The spots focused on the impact parental involvement can have in preventing young people from starting to drink. One commercial, for example, showed an older couple talking excitedly about attending the prom while their daughter and her date squirmed.
Attorney General Mark Shurtleff and several legislative leaders in attendance noted the program was spared from this year's massive budget cuts. It costs money, Shurtleff said, "to grab the attention of people."
But funding for the campaign, credited with keeping 11,000 fewer Utah children from trying alcohol between 2007 and 2009, was reduced last year by the Department of Alcoholic Beverage Control.
The $500,000 sliced from the program's nearly $1.5 million budget in the year that ended June 30 helped spark a battle with lawmakers that resulted in less money for the department and an ongoing audit.
Last session, legislators restored $500,000 to Parents Empowered and, in effect, took away the department's control over the program's budget. And they ordered the DABC to cut another $653,000 in the new budget year that began July 1.
The DABC, which manages the state's monopoly on the sale of liquor, wine and high-alcohol beer, generates significant revenues for the state, including more than $26 million for school lunches.
DABC officials have been vocal about their concerns over losing revenue as a result of the cuts, but auditors said it's not clear that will be the case. Officials decided earlier this year to open some stores one hour later and close a store at 1457 S. Main on Oct. 1.
The governor said tough decisions have to be made in the budget process.
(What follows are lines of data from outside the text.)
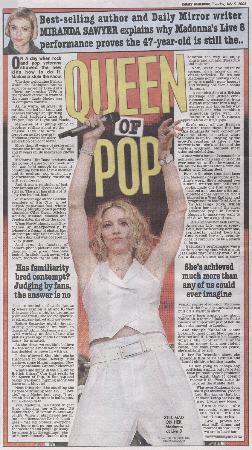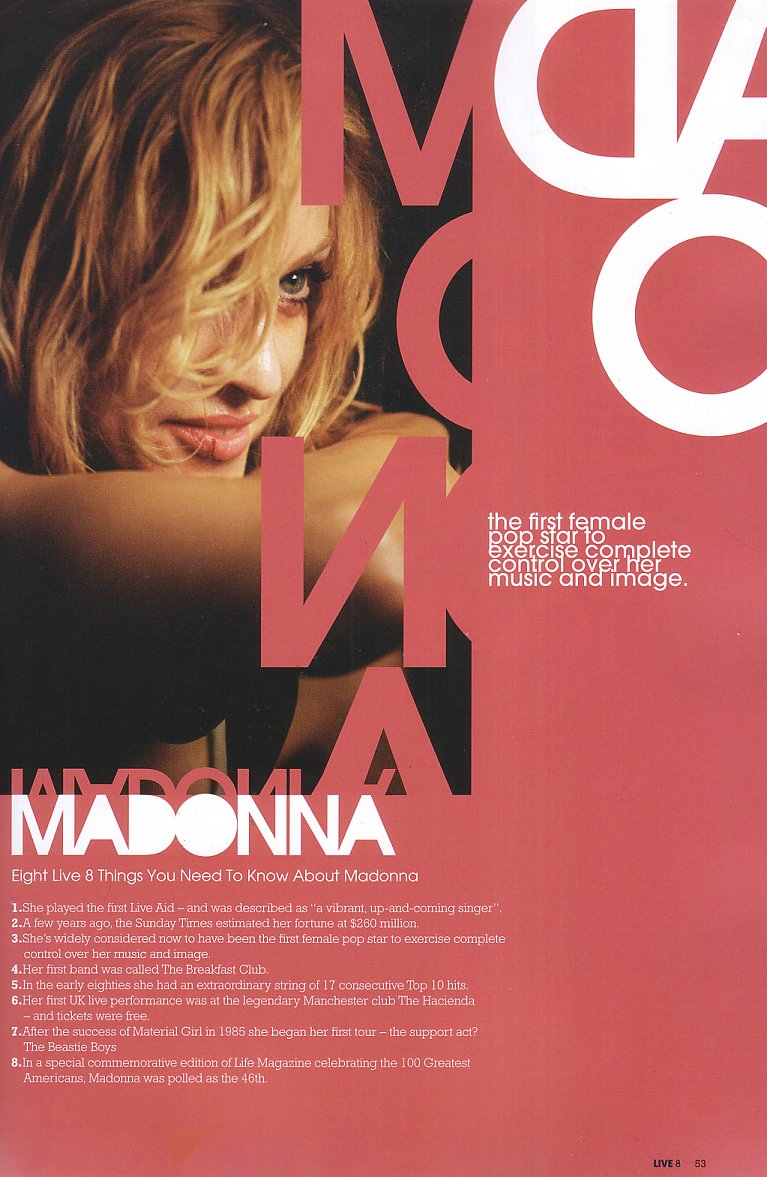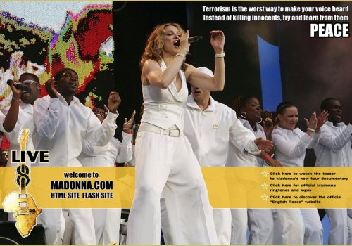 Más de 1.000 músicos actuaron en los conciertos, que fueron transmitidos por 182 cadenas de televisión y 2.000 cadenas de radio teniendo una audiencia total de casi 2 billones de personas. Muchos actos del «Live Aid» original se unieron esta vez nuevamente. El 02 de Junio, Bob Geldof anunció oficialmente que Madonna formaría parte del concierto realizado en el «Hyde Park» de Londres ante una multitud de más de 200.000 personas. Madonna fue uno de los ocho actos en la capital inglesa y la única artista femenina que ha sido artista principal tanto en «Live Aid» de 1985 como en «Live 8» de 2005. Otros artistas que regresaron fueron U2, Paul McCartney, Elton John, Sting, The Who, George Michael, y organizador, Bob Geldof. Fue necesario un poco de esfuerzo por parte de Geldof para ganar el compromiso de Madonna la segunda vez, como explicó Madonna a John Norris de MTV en una entrevista entre bastidores después de su actuación: «Bob Geldof me envió una carta preguntándome ‘¿harás Live 8?’ y realmente no me dijo nada y dije ‘¡Oh, amigo común, tienes que hacerlo mejor que eso! Demuéstrame que va a marcar la diferencia y estaré ahí para ti’. ¡Y lo hizo!”.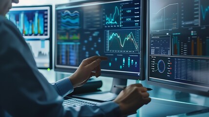An analyst uses a computer and dashboard for data business analysis and Data Management System with KPI and metrics connected to the database for technology finance, operations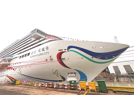 “爱达·花城号”邮轮总吨位达到14.19万吨。与首艘国产大型邮轮“爱达·魔都号”相比,“爱达·花城号”邮轮在设计和建造上进行了诸多改进。新华社记者 丁汀 摄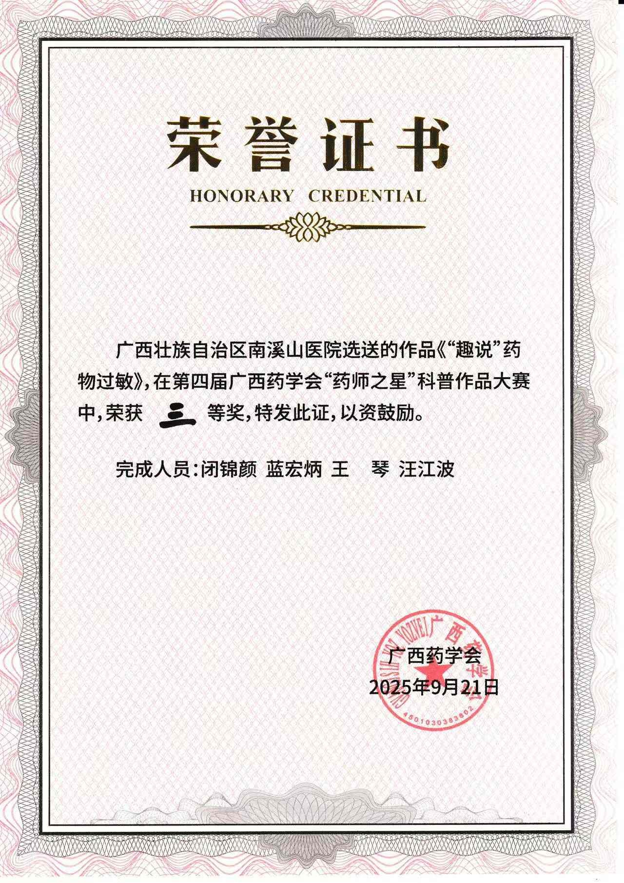 为普及科学知识,提升药学工作者用药健康科普教育能力,9月18日,由广西药学会主办的第四届“药师之星”科普作品大赛决赛在广西梧州举行。自治区南溪山医院药学部参赛作品《趣说药物过敏》进入决赛,并在决赛中表现优异获得三等奖的好成绩。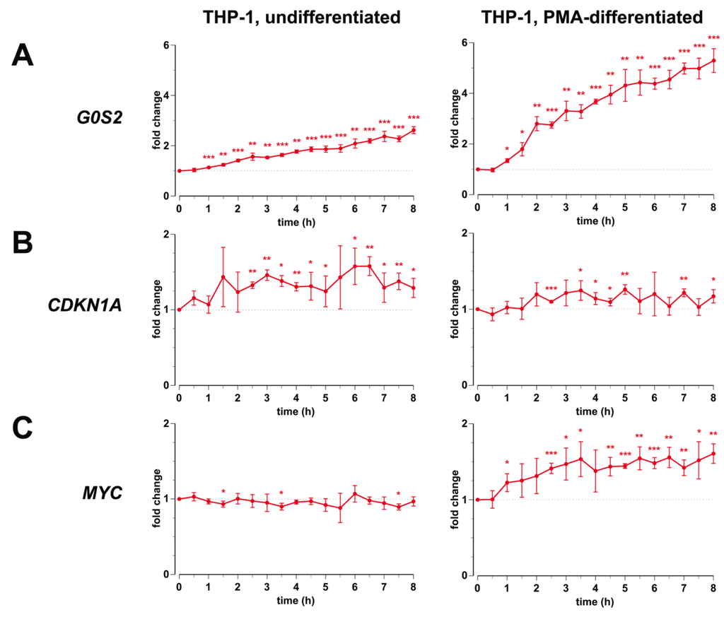 3.1. Transcription of G0S2, CDKN1A and MYC in Monocyte- and Macrophage-Like Cells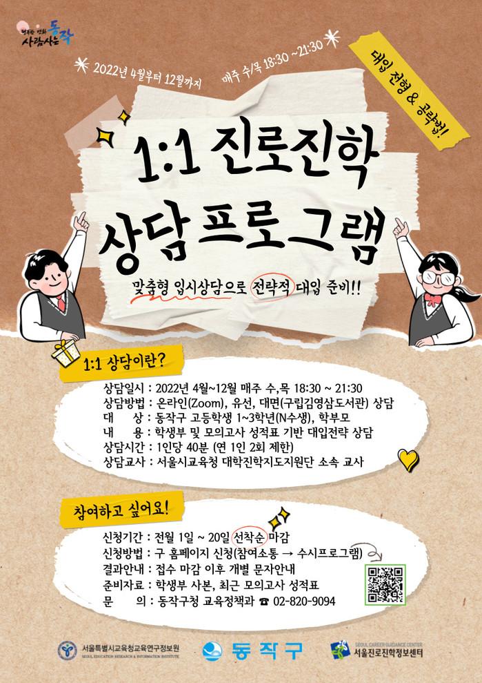 [시민일보 = 여영준 기자] 서울 동작구(구청장 이창우)는 오는 4~12월 다양한 입시정보를 수험생에게 제공하고자 ‘1:1 진로진학 상담 프로그램’을 운영한다고 11일 밝혔다.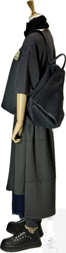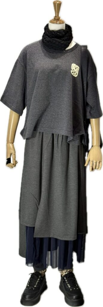 前後差のある丈感でヒップ周りをカバーします。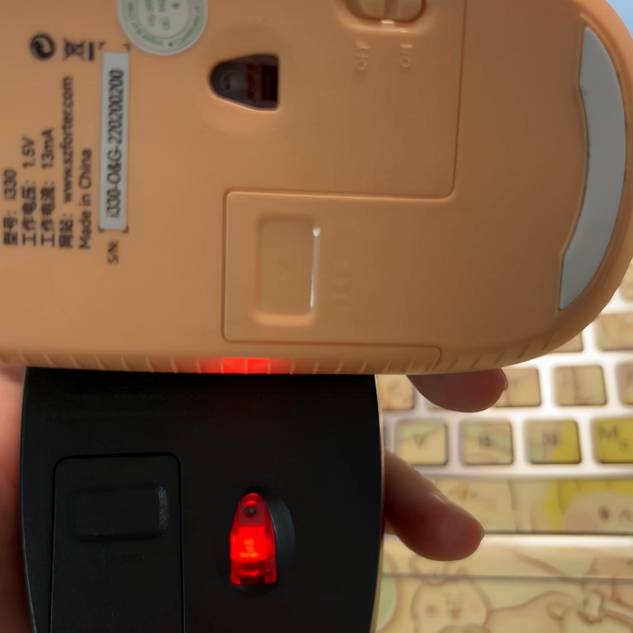 与此同时,我们要先检查检查鼠标背后的开关有没有打开哦:ON是打开的意思,而OFF是关闭状态。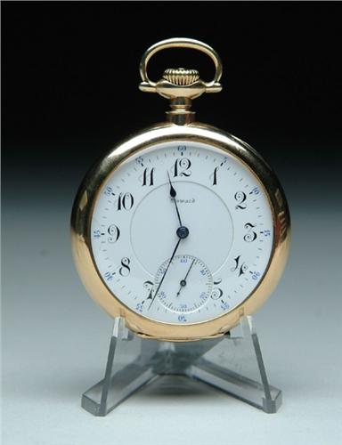 16 SIZE HOWARD POCKET WATCH. 23 jewel, 14k solid gold Howard, plain polished case, pendent set. Original Howard double sunk dial. SN 1078641. CONDITION: Very good, running. 9-25864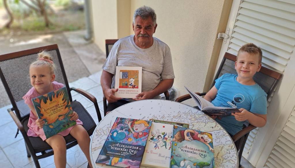 Ob njem pa sedita Alina in Aleksander Jambrek iz Dupleka, nečaka Brede Mulec, ki je avtorica štirih pravljic o zmaju Vurku.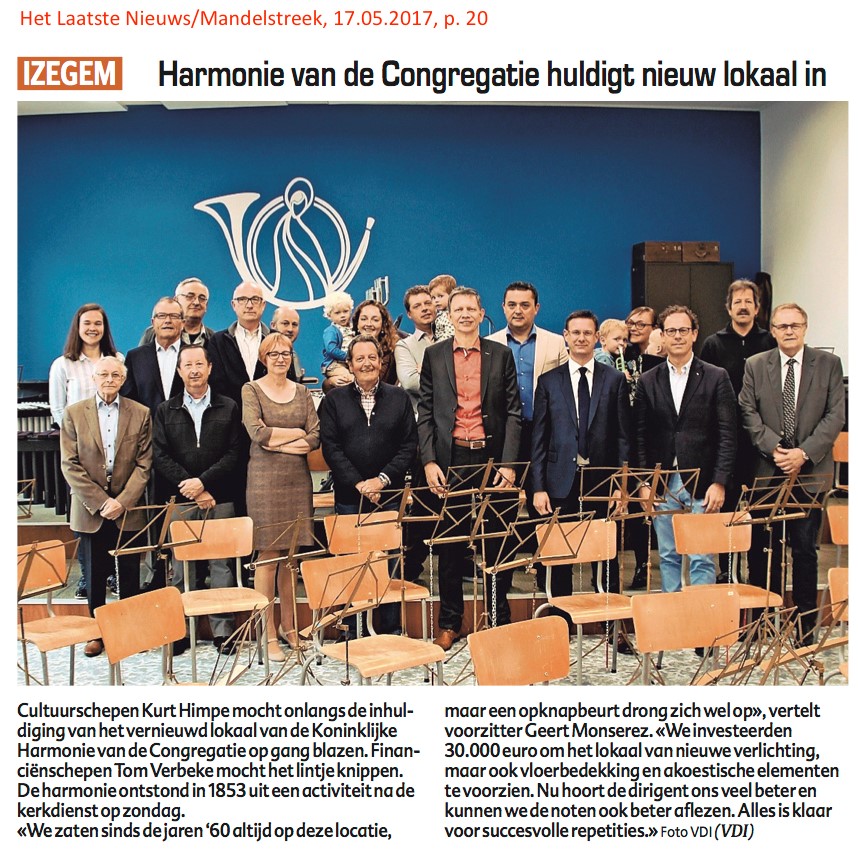 IZEGEM - Cultuurschepen Kurt Himpe mocht onlangs de inhuldiging van het vernieuwd lokaal van de Koninklijke Harmonie van de Congregatie op gang blazen. Financiënschepen Tom Verbeke mocht het lintje knippen. De harmonie ontstond in 1853 uit een activiteit na de kerkdienst op zondag.

"For me, educating our parents and our young people about the downside of underage drinking is clearly a priority," Herbert said. "The return on our investment on this is significant. We ought not to, although it helps, be basing our budgets on alcohol revenue."
Senate President Michael Waddoups, R-Taylorsville, who has admitted to being "kind of rankled" by the cuts to the Parents Empowered program, said it should be even better funded.
"This is always going to be a priority. There are places you can cut other than this that make sense," Waddoups said. "We want the program, if anything, to expand, but certainly to maintain the status quo."
Sam Granato, chairman of the DABC commission, said the state needs to decide what's most important, but the department is a money-maker.
"We're the best bang for the dollar in these economic times," Granato said.